General purpose data engineering python package.


License
Apache-2.0
Install
pip install dataengine==0.0.90

Documentation

Data Engine

Data Engine is a general purpose python package for data engineering that leverages python, pandas, Apache Spark, and public cloud services.

codecov

Usage Guide

Installing the Package

To use dataengine, you can install it directly from PyPI:

pip install dataengine

Adding to Your Project's Requirements

If you want to include dataengine as a dependency for your project, add it to your requirements.txt file:

dataengine

Then, install the updated requirements:

pip install -r requirements.txt

Once installed, you can start using dataengine in your Python scripts or applications.

How to use the package

In dataengine the primary class that will drive everything is the Engine class. For each instance of Engine you can specify the different subclasses through a configuration file or files. The different subclasses include the Database, Dataset, and Query classes.

  • An instance of Database defines a single database you will interact with
  • An instance of Dataset defines where to load data from using Apache spark (it can be locally or in s3)
  • An instance of Query defines what datasets are input dependencies, what the SQL statments you would like to run are, where the output of the query will be saved, and if the result should be inserted into a database along with custom parameters for each

TODO: Add explicit example here.

Development

In order to contribute to the project follow the following instructions.

Setup Instructions

The following steps will help you clone the repository and setup your environment.

  1. Clone the repository:
git clone https://github.com/leealessandrini/dataengine.git
cd dataengine
  1. Create and activate a virtual environment:
python -m venv venv
source venv/bin/activate  # On Windows: venv\Scripts\activate
  1. Install the required dependencies:
pip install -r requirements.txt

You're now ready to start contributing the project!

Contribution Guide

  1. Create or check out a new branch:
git checkout -b your-feature-branch

Replace your-feature-branch with a descriptive name for your branch.

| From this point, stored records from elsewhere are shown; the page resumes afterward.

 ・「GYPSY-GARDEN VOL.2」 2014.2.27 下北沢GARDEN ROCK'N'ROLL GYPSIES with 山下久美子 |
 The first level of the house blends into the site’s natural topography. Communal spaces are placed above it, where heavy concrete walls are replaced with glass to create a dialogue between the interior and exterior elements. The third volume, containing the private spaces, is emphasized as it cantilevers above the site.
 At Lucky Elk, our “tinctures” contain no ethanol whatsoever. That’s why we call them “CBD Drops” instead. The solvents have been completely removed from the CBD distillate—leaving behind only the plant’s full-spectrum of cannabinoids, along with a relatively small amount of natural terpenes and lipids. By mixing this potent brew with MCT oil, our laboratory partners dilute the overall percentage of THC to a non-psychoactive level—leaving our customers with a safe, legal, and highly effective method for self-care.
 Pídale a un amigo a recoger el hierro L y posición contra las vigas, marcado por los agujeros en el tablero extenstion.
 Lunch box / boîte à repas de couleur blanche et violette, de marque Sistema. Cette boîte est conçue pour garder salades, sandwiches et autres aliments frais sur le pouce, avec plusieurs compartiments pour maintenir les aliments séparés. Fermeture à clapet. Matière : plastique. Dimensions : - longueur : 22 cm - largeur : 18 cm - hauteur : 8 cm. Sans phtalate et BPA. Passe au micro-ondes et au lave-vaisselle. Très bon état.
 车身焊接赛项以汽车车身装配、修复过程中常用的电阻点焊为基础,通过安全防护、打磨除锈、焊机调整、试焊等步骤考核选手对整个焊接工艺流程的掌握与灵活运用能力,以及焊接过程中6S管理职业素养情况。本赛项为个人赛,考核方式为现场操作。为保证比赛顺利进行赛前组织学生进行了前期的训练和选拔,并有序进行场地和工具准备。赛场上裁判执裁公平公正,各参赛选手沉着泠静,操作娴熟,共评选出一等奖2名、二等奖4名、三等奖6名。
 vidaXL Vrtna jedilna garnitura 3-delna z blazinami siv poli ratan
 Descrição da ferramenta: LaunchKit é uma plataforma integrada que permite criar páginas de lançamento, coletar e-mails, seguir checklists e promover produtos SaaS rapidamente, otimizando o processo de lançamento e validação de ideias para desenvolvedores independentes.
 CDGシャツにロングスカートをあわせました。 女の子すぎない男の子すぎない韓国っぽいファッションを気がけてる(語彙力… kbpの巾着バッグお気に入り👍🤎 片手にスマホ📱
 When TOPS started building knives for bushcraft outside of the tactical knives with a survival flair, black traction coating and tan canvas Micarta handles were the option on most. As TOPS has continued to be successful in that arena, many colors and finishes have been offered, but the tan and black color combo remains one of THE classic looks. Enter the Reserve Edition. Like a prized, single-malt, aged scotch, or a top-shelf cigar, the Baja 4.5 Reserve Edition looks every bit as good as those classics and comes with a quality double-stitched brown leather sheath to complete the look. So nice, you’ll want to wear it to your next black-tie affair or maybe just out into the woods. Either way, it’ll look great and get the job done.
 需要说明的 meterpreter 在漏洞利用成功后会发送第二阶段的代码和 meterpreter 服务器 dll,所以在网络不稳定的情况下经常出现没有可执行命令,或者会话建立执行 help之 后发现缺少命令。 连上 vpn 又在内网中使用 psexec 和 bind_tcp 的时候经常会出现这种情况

  1. Make changes to the code and stage the changes:
git add .
  1. Commit your changes with a meaningful message:
git commit -m "Add a concise description of your changes"
  1. Push your branch to the remote repository:
git push origin your-feature-branch
  1. Create a pull request:
  • Go to your repository on GitHub.
  • Navigate to the "Pull Requests" tab.
  • Click "New Pull Request" and select your branch to merge with the main branch.
  • Add a descriptive title and details about your changes, then submit the pull request.
  1. Merge the pull request (once reviewed and approved):
  • If you have the required permissions, merge the pull request.
  • Otherwise, wait for a project maintainer to review and merge it.

Congratulations! 🎉 You've successfully contributed to the project!